FIG. 4 illustrates exemplary phases of MRO-MKD operation.

DETAILED DESCRIPTION

The operator of the MCS is continually seeking new techniques for running their dynamic and complex networks at maximum efficiency. Performance optimization techniques are employed to make systematic changes to performance-affecting parameters stored in the network in order to ensure the best possible performance for users of the various services provided by the operator, such as data transfer speeds. Indicators (e.g., KPI) are used to determine whether such optimization is needed for parts of the network. These indicators are typically referred to as KPI, which can take the form of formulae composed of performance measurements combined in certain ways to better show the quality of various services along various dimensions of performance. The underlying factors of each KPI are stored in the operational support system (OSS) processor managed by the MCS operator. Optimization processes collect the appropriate KPI data, combine this measurement data into formulae, and evaluate the formulae according to a certain schedule to determine whether the certain network services are operating at maximum efficiency. Changes to the performance-affecting parameters will change the value of the KPI. There are typically many KPI used to determine quality levels of the network. These performance-affecting parameters interact with each other in complex ways and impact the KPI indicators in complex ways. The optimization problem can be defined as a set of techniques to change performance-affecting parameters to achieve desired results of improving certain dimensions of performance of the MCS.

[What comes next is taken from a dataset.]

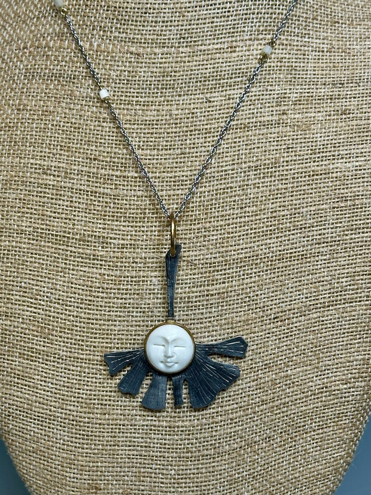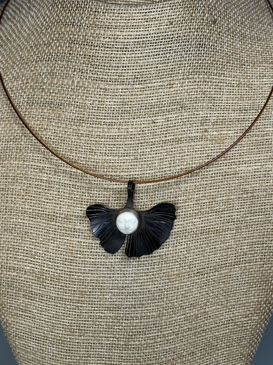 RESILIENCE CHOKER NECKLACE WITH COPPER GINGKO LEAF AND WATER BUFFALO BONE MOON FACE CABACHON JH46

FIG. 1 schematically illustrates a MRO MKD system 10 according to one configuration. The system 10 includes a SON MRO processor 130, which autonomously and dynamically executes programmed operations and instructions according to the design of the multiple KPI optimization system. The operational support system (OSS) 120 contains data regarding the performance and configuration of the MCS 110. Base station node 140 permits communication between mobile units (e.g., cellular mobile telephone subscriber devices) and the wider telephony network. These nodes are sometimes called “NodeB” for Third Generation MCS or “eNodeB” for Fourth Generation MCS. The base station nodes 140 collectively define a radio access network (RAN) 150.

Area selection and special cell exclusion can be performed as part of the design and analysis of the present system and method. For example, exclusions based on a VIP site list, indoor, venue specific sites, border sites, etc. can be excluded or as specified by the MCS operator as in an imported list.

The general operation and function of the system can be understood by analyzing multi-dimensional plots having axes representing the configuration parameters of the system, e.g., time-to-trigger, hysteresis, call drop KPI, handoff failures, and other parameters. Generally, each KPI has its own dependence on the values of the configuration parameters employed by the system. This technique for analyzing, statistically understanding, and controlling for the various configurations so as to control the KPI in a dynamic fashion is an aspect of the present invention. The following plots are to aid visualization of the above notions and illustrate that the performance and robustness of a MCS can depend strongly on configuration parameters as described.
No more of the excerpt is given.